Tool use in the Claude API is one of those features that looks four-lines-of-code simple in the quickstart and turns into a full chapter the moment you take it to production. The basic shape — declare tools, let the model call them, return results — stays the same. What changes is everything around the edges: parallel calls, timeouts, retries, error surfaces, and the specific flavors of tool_choice that matter under load.

This post covers the patterns I have ended up relying on across a handful of production systems.

The Basic Loop (So We Are on the Same Page)

Tool use is a turn-based loop. You send a request with tool definitions. The model responds with either a final text answer or a tool_use block. You execute the tool, send the result back in a tool_result block, and repeat until the model stops asking for tools.

from anthropic import Anthropic

client = Anthropic()

tools = [
    {
        "name": "get_weather",
        "description": "Get current weather for a city.",
        "input_schema": {
            "type": "object",
            "properties": {"city": {"type": "string"}},
            "required": ["city"],
        },
    }
]

messages = [{"role": "user", "content": "What's the weather in Seattle and Vancouver?"}]

while True:
    response = client.messages.create(
        model="claude-sonnet-4-6",
        max_tokens=1024,
        tools=tools,
        messages=messages,
    )

    if response.stop_reason == "end_turn":
        break

    messages.append({"role": "assistant", "content": response.content})

    tool_results = []
    for block in response.content:
        if block.type == "tool_use":
            result = run_tool(block.name, block.input)
            tool_results.append({
                "type": "tool_result",
                "tool_use_id": block.id,
                "content": result,
            })

    messages.append({"role": "user", "content": tool_results})

Everything else in this post is a refinement on that loop.

Parallel Tool Calls Are the Default

When the user asks "What's the weather in Seattle and Vancouver?", the model emits two tool_use blocks in a single response — not two sequential turns.
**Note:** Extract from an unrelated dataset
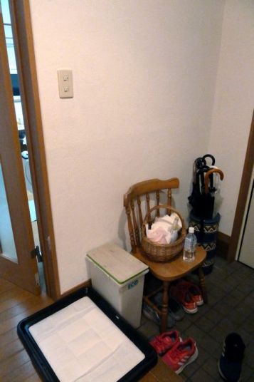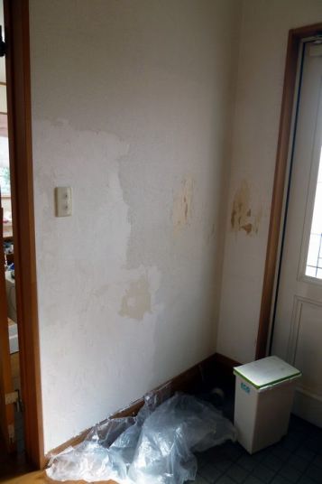 大事なお客さんが来るので、玄関周りの壁を塗ってみることにした。なんせ最大時には猫4匹、犬2匹がいたのだ。猫は壁で爪研ぎをするし、犬はいつも腹が減っているので壁紙を剥がして食ってしまうのだ。糊が美味そうな匂いがするのだろうか?

This is parallel tool use, and it is on by default. Your job is to honor it.

The naive implementation runs them sequentially:

# Works, but serializes requests the model expected to be parallel
for block in response.content:
    if block.type == "tool_use":
        result = run_tool(block.name, block.input)
        tool_results.append({...})

The latency-optimized version runs them concurrently:

import asyncio

async def run_block(block):
    result = await run_tool_async(block.name, block.input)
    return {
        "type": "tool_result",
        "tool_use_id": block.id,
        "content": result,
    }

tool_calls = [b for b in response.content if b.type == "tool_use"]
tool_results = await asyncio.gather(*(run_block(b) for b in tool_calls))

For two weather calls the difference is small. For five document lookups at 800ms each, it is the difference between a 4-second and a 1-second turn. Always parallelize.

You can turn parallel tool use off with disable_parallel_tool_use=True in tool_choice. Do this when a tool has side effects that must be ordered (writes to the same record, for example) and you cannot enforce that server-side.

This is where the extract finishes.